Items listed in a dataset
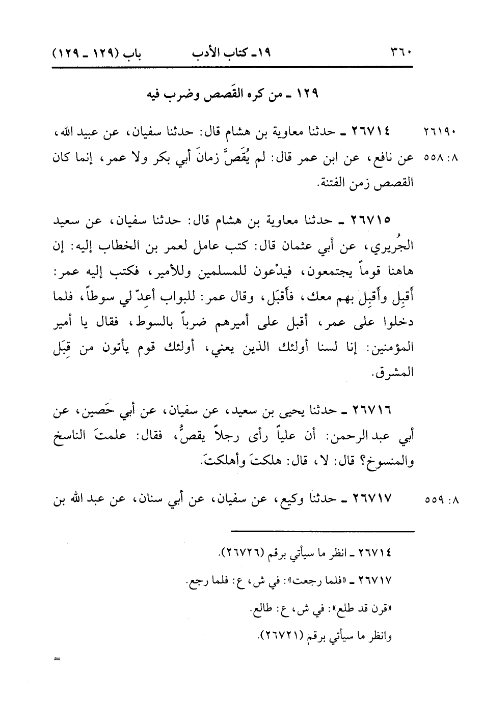 26716- حَدَّثَنَا يَحْيَى بْنُ سَعِيدٍ ، عَنْ سُفْيَانَ ، عَنْ أَبِي حَصِينٍ ، عَنْ أَبِي عَبْدِ الرَّحْمَنِ ، أَنَّ عَلِيًّا رَأَى رَجُلاً يَقُصُّ ، فقَالَ : عَلِمْت النَّاسِخَ وَالْمَنْسُوخَ ؟ قَالَ : لاَ قَالَ : هَلَكْت وَأَهْلَكْت. (8/558).
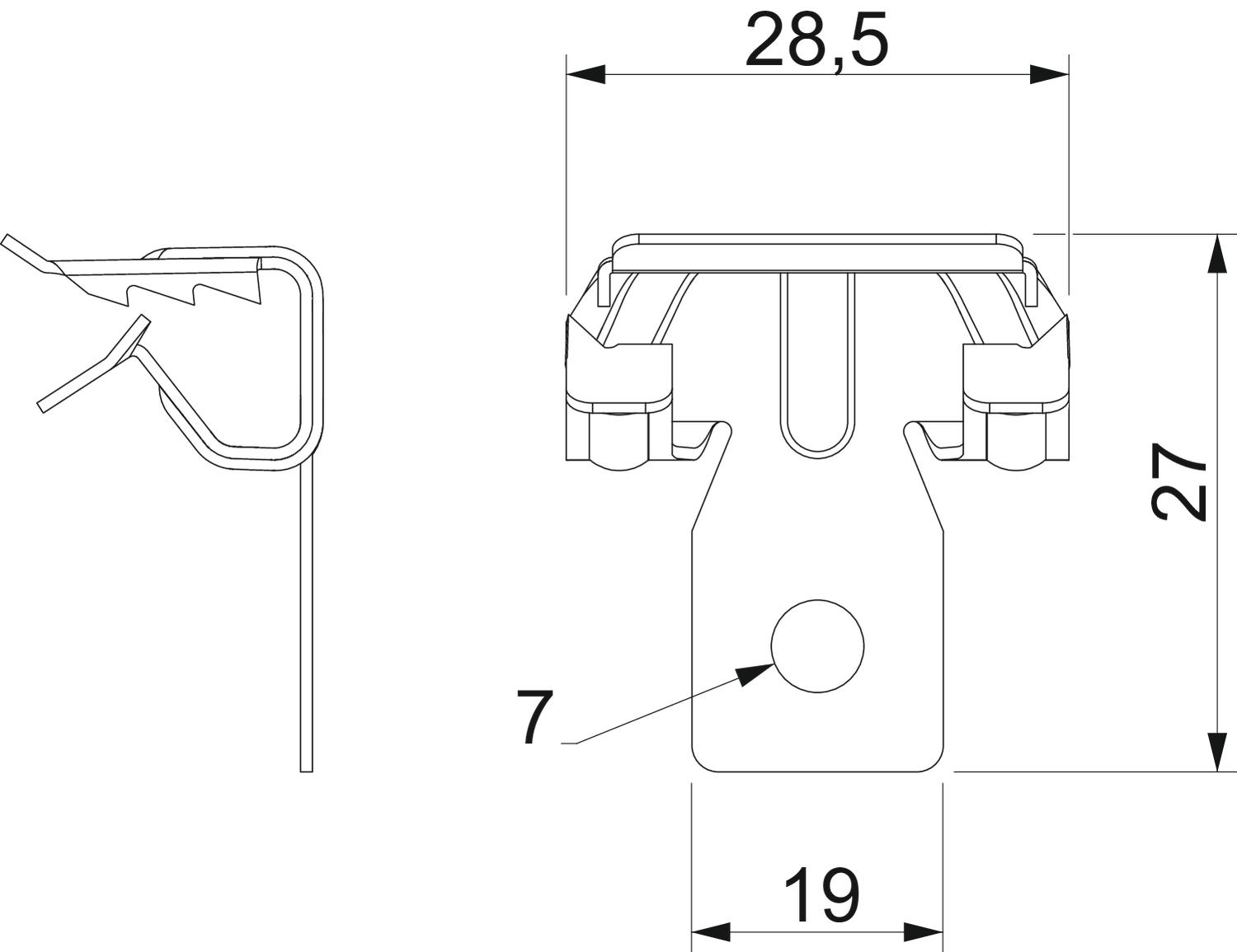 E尺寸 7 mm 可调铰链 否 固定孔 6,5 mm 固定方式 端子 尺寸 2-4mm 尺寸 B 28,5 mm 尺寸 L 27 mm 断裂荷载 0,45 kN 最大法兰厚度 F 4 mm 最小法兰厚度 F 2 mm 材料 钢 表面 锌板 连接类型/组件 孔 铰链式 否 - 所有型号
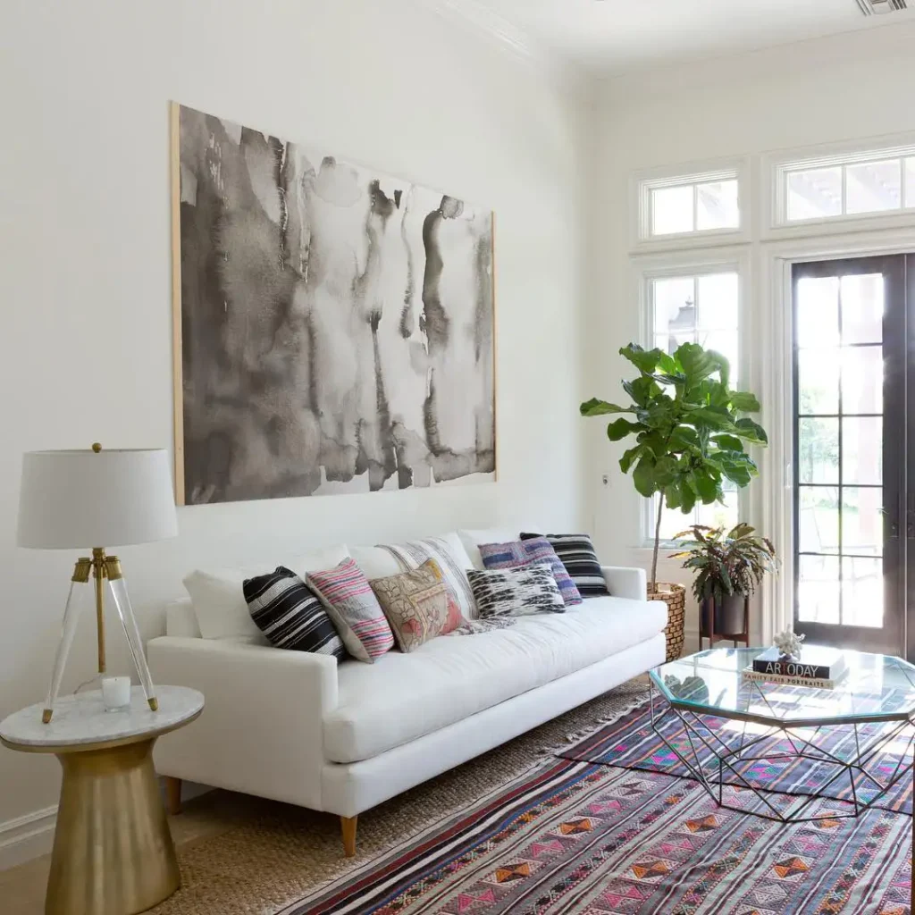 یک مبل سفید تمیز زیر یک تابلو بزرگ و نقاشیطور، فوری میگه این خانه خلاقه. پارچهها و فرش لایهلایه بافت میدن، بدون اینکه سادگیِ مبل رو خراب کنن.
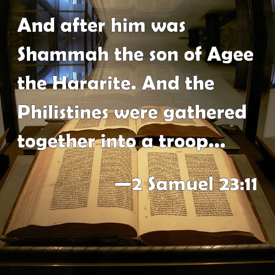 KJV:  And after him was Shammah the son of Agee the Hararite. And the Philistines were gathered together into a troop, where was a piece of ground full of lentiles: and the people fled from the Philistines.
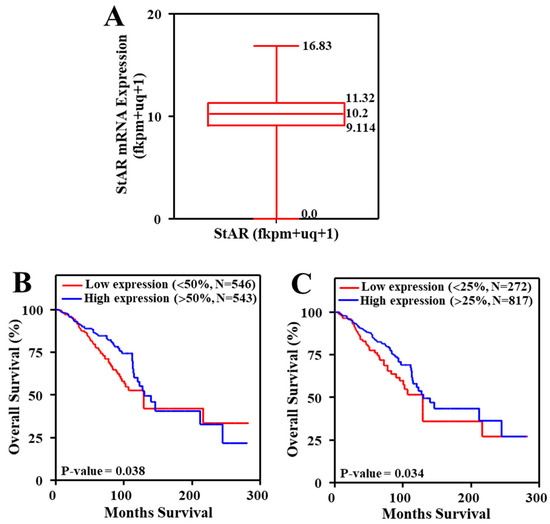 To better understand the involvement of StAR in breast cancer, TCGA breast cancer tumors expressing StAR mRNA were verified for survival analyses with two different quartile combinations. As depicted in Figure 5B, Kaplan-Meier curve generated with StAR mRNA values up to 50th percentile (<10.2) as low and above 50th percentile (>10.2) as high [46], was found to correlate with poor survival (p-value = 0.038) of patients with breast cancer. In a different category, StAR mRNA values up to 25th percentile (<9.114) as low and above 25th percentile (>9.114) as high [48], showed qualitatively similar effect (p = 0.034) on the survival of breast cancer (Figure 5C). These data suggest that higher expression of StAR mRNA can be a risk factor for poor survival of patients with breast cancer.
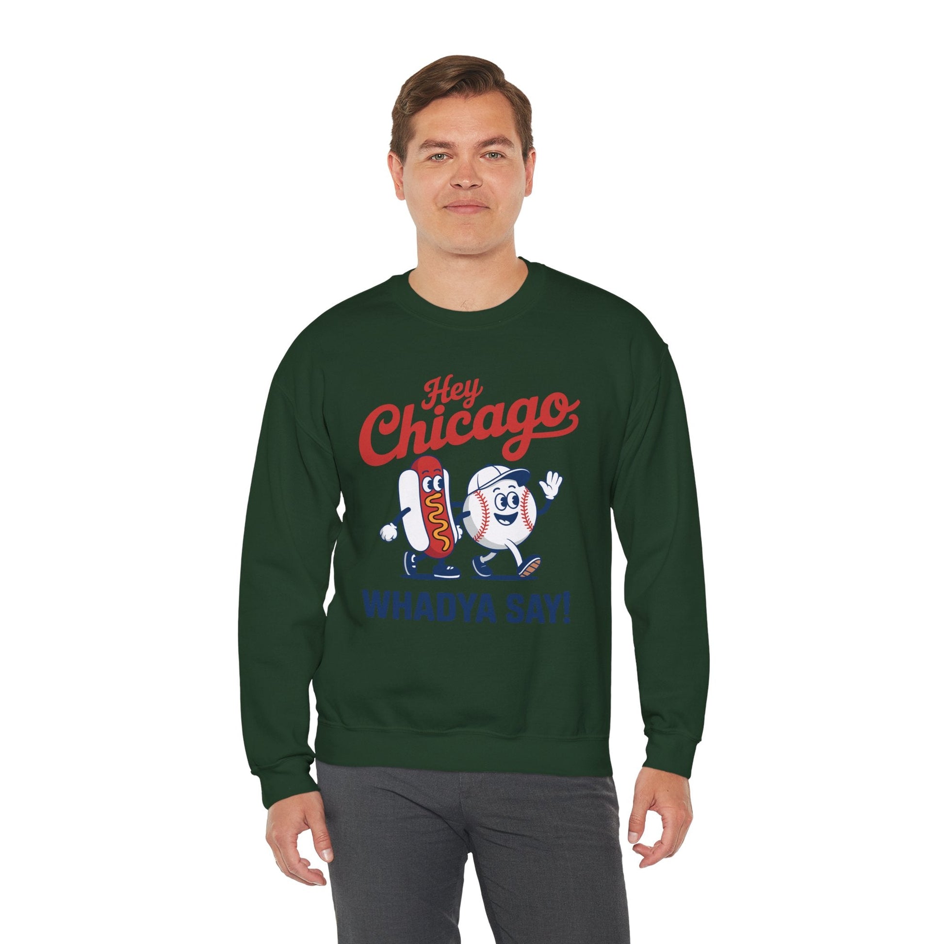 Hey Chicago Whadya Say Baseball and Hot Dog 4th of July Men Women Sweatshirt

● **EXERCISE INSTRUCTIONS**:
Leaving out every picture, repeat exactly the lines of the records from the start through the line that has "E尺寸 7 mm 可调铰链".

● **ANSWER TO THIS EXERCISE**:
 26716- حَدَّثَنَا يَحْيَى بْنُ سَعِيدٍ ، عَنْ سُفْيَانَ ، عَنْ أَبِي حَصِينٍ ، عَنْ أَبِي عَبْدِ الرَّحْمَنِ ، أَنَّ عَلِيًّا رَأَى رَجُلاً يَقُصُّ ، فقَالَ : عَلِمْت النَّاسِخَ وَالْمَنْسُوخَ ؟ قَالَ : لاَ قَالَ : هَلَكْت وَأَهْلَكْت. (8/558).
 E尺寸 7 mm 可调铰链 否 固定孔 6,5 mm 固定方式 端子 尺寸 2-4mm 尺寸 B 28,5 mm 尺寸 L 27 mm 断裂荷载 0,45 kN 最大法兰厚度 F 4 mm 最小法兰厚度 F 2 mm 材料 钢 表面 锌板 连接类型/组件 孔 铰链式 否 - 所有型号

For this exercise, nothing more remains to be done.